Как Лавров мог так поступить? Почему не предупредил? И что теперь делать, когда этот амбассадор Баленсиаги заявляет, что он здесь хозяин и будет всем заправлять? Какого черта?!
Но злость на Сташевского быстро сменилась обидой на Константина Владимировича. Он же знал, как я вкладывала в его ресторан все силы и душу, сутками пропадая на работе. И что в итоге? Меня даже не удосужились предупредить о продаже, словно я вещь – один из столов и стульев, который перекочевал от одного владельца к другому.
Я села в машину и на автомате завела двигатель. Руки дрожали, когда я вцепилась в руль. Я не могла так безропотно смириться с происходящим, не получив объяснений. Лавров должен сказать мне в лицо, почему так поступил.
По долгу службы у меня был домашний адрес Константина Владимировича. Я решительно вбила его в навигатор и тронулась с места.
Всю дорогу я прокручивала в голове возможный разговор, готовясь высказать боссу все, что я о нем думаю. Но когда я припарковалась у его дома, меня охватили сомнения. Вдруг у него были веские причины так поступить? Вдруг ему самому было нелегко расставаться с рестораном?
Тряхнув головой, я отбросила эти мысли. Я заслуживаю объяснений. Мы столько лет проработали вместе, чтобы разойтись, даже не поговорив? Я так не могу.
Наконец, глубоко вздохнув, я вышла из машины и решительно направилась к подъезду. Поднявшись на нужный этаж, я остановилась перед дверью квартиры Лаврова. Сердце бешено колотилось, когда я нажала на звонок. Прошла минута, другая – никто не открывал. Я позвонила еще раз, настойчивее. Все та же тишина.
«Может его нет дома?» – промелькнула мысль.
Но нет, машина Константина Владимировича стояла во дворе, я видела ее, подъезжая.
Внезапно дверь распахнулась, и на пороге появился Лавров. Он выглядел осунувшимся и постаревшим, как будто за эти несколько дней прожил целую жизнь.

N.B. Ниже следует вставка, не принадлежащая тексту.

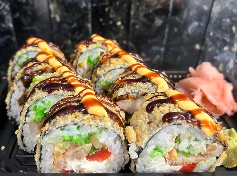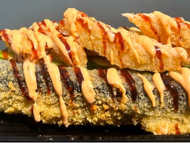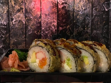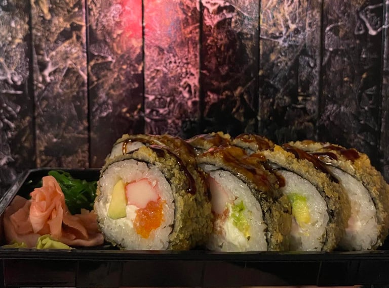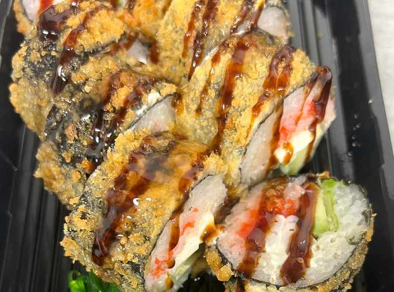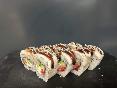 Ryžiai, jūros dumblių lapas, sūris, avokadas, agurkas, lašiša, Panko džiuvėsėliai, Karai padažas, Unagi padažas, ikrai, sezamas

– Ульяна, – тихо произнес он, опустив глаза. – Я знал, что ты придешь.
– Значит, это правда?
Лавров тяжело вздохнул и отступил в сторону, пропуская меня в квартиру.
– Проходи.
Константин Владимирович был небритый, в домашней одежде. Таким я его еще никогда не видела.

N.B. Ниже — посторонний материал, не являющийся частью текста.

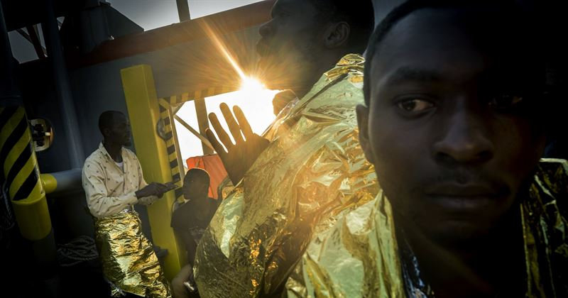 Refugiados a bordo del Bourbon Argos, barco de rescate de MSF hacia Italia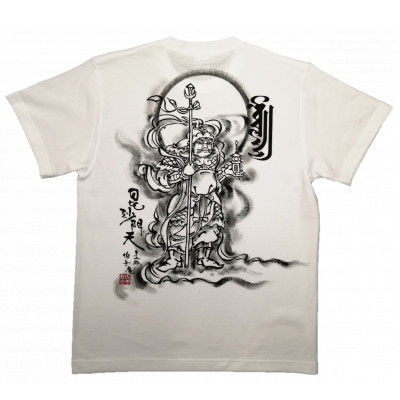 手描きTシャツ 仏画 毘沙門天 白 (半袖 XLサイズ)【1615040】

Я вошла в квартиру Лаврова, чувствуя, как внутри все сжимается от напряжения. Константин Владимирович провел меня в гостиную и устало опустился в кресло.
– Присаживайся, Ульяна, – сказал он, указывая на диван.
Я села, не сводя с него глаз.
– Почему? – только и смогла сказать я, чувствуя, как к горлу подступают слезы, но чувство обиды и разочарования было сильнее, поэтому, подавив жалость к себе, я выплеснула на него все то, что копилось в моей голове. – Почему вы так поступили? Почему ничего не сказали? Почему не пришли сами, чтобы познакомить всех с новым собственником ресторана, в конце концов? Мне всегда казалось, что вы цените людей, которые работают на вас. Что изменилось?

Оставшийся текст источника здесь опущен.